Im looking to buy an Ampeg Head and i would really prefer a Ampeg SVT-CL but then running a wireless unit with it is a hassle because i then need carry a small rack around with it or put it in my guitarists and run a cable (which i might have to do), but anyways i was thinking of just getting one of ampegs many rackmounted heads, ive tried the SVT-4pro SVT-3 and i did like them both but what bothers me is i heard they are made of Korea or one of them inferior countries, really i dont think i can go wrong with an Ampeg i just want it US made so its not garbage. So my question to you guys is are any of these ampegs still made in the US? and what about the SVT-810E is that at least still US made?


----------



## MaxOfMetal (Aug 22, 2012)

Only products still made in the US are the Heritage line. Everything else is from overseas. Though, there's nothing wrong with the import stuff. Heck, out of the three SVT-4Pro heads I owned, it was the USA made one that crapped out and needed repairs. 

If you want to go wireless with a CL, just get a pedal-style receiver unit like the Line 6 G30 or G50. Either put it on your pedalboard, or just sit it on top of the CL.


----------



## DjentDjentlalala (Aug 23, 2012)

Like Max said,there is nothing wrong with the overseas stuff.When I first saw the Portaflex heads I was like  but when I heard them I was like


----------



## ozzman619 (Aug 23, 2012)

oh i know they will still be good quality, because if they were really bad ampeg would obviously not put their name on it. Im just one of those people who wants to support European and US made products, it just physically bothers me to own stuff made in mexico, and asia and whatnot, thats actually the only reason why im selling my EVH 5150 III.

But since its all made there i kinda got no choice this time. So out of all of the rackmounted SVT series what would you guys recommend that would sound as good or maybe better then the SVT-CL.


----------



## MaxOfMetal (Aug 23, 2012)

ozzman619 said:


> But since its all made there i kinda got no choice this time. So out of all of the rackmounted SVT series what would you guys recommend that would sound as good or maybe better then the SVT-CL.

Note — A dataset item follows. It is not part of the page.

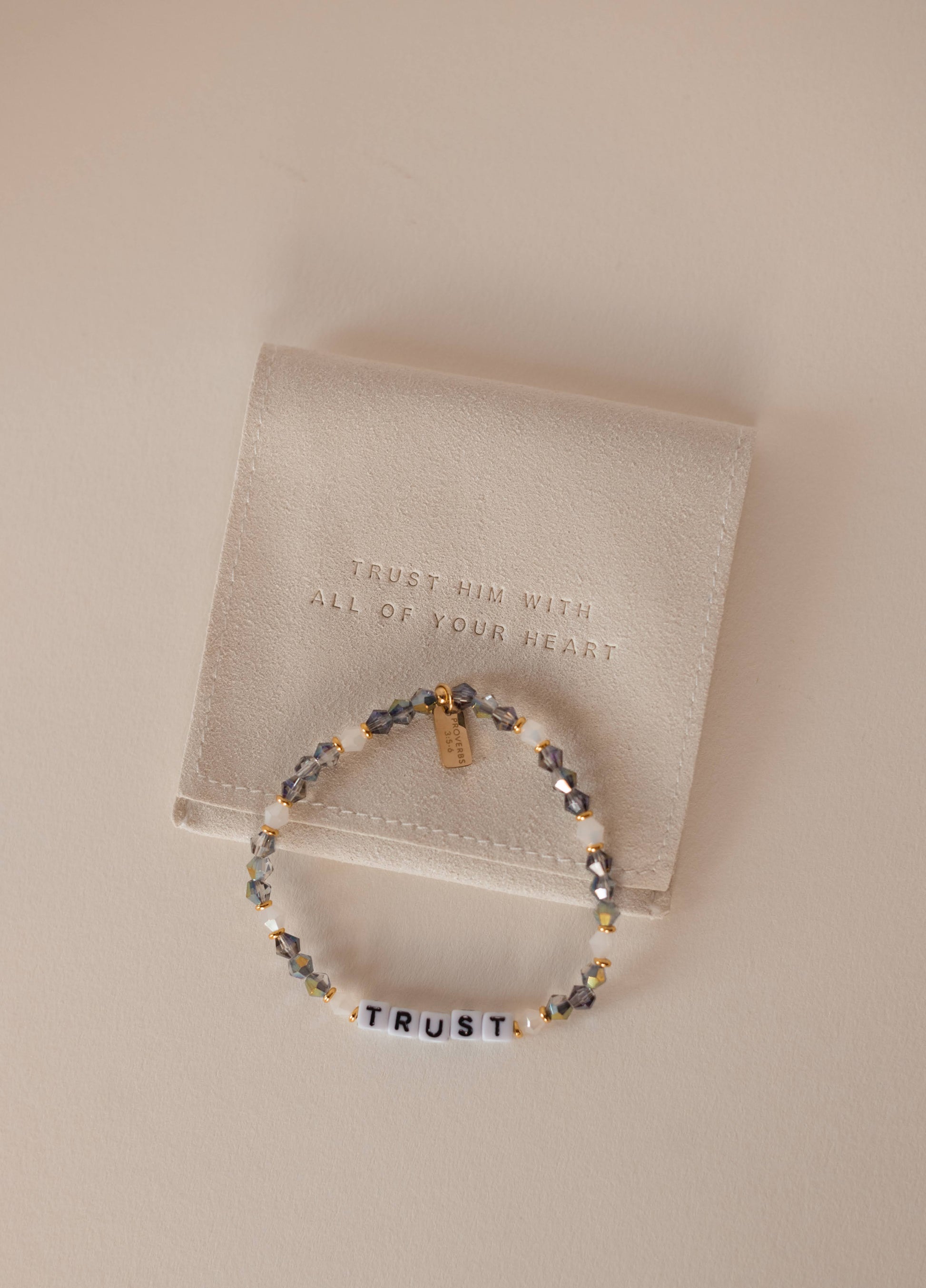 -Microfiber pouch with "Trust Him with all of your heart" stamped onto the outside

Well, they still made a USA CL, the amp you originally wanted.  

The amp closest to the CL in tone would probably be the 8Pro, as they have extremely similar preamps. Personally, I have a soft spot for the SVT-4Pro and SVT-2Pro.


----------



## ozzman619 (Aug 23, 2012)

oh yeah, I guess i might as well aim for it and just grab a small 4u rack to through a power conditioner, wireless, tuner and maybe a sans amp rbi for shits and gigs and i should be set.

Or maybe if i can get over it ill just grab a SVT-4pro cause i really did like it too (and not to mention my favourite bass player, Jeff Paulick, rocks the shit out of one).


----------



## GRUNTKOR (Aug 26, 2012)

Korean electronics are probably better made than US ones


----------



## Wrecklyss (Aug 26, 2012)

Gotta give props to Ozzman619 for wanting to support U.S.A. made products. Mesa, Carvin, and SWR make some very nice bass amps in the states, they don't really sound like Ampegs, but are wonderful in their own ways.


----------



## ozzman619 (Aug 27, 2012)

Thanks for understanding. And i have looked into those USA based companys like mesa and whatnot but they lack that undisribable characteristic that the ampegs have that really make them so different and unique, and honestly ill spend that $600 more to get the USA built heritage series SVT-CL over the Korea made one any day of the week.


----------



## cGoEcYk (Aug 29, 2012)

Maybe keep your eyes out for an SVT-2. They are killer and rackmountable. You could also go with one of their preamps (I got my SVT-IIP for $75 and retubed it for another $30).


----------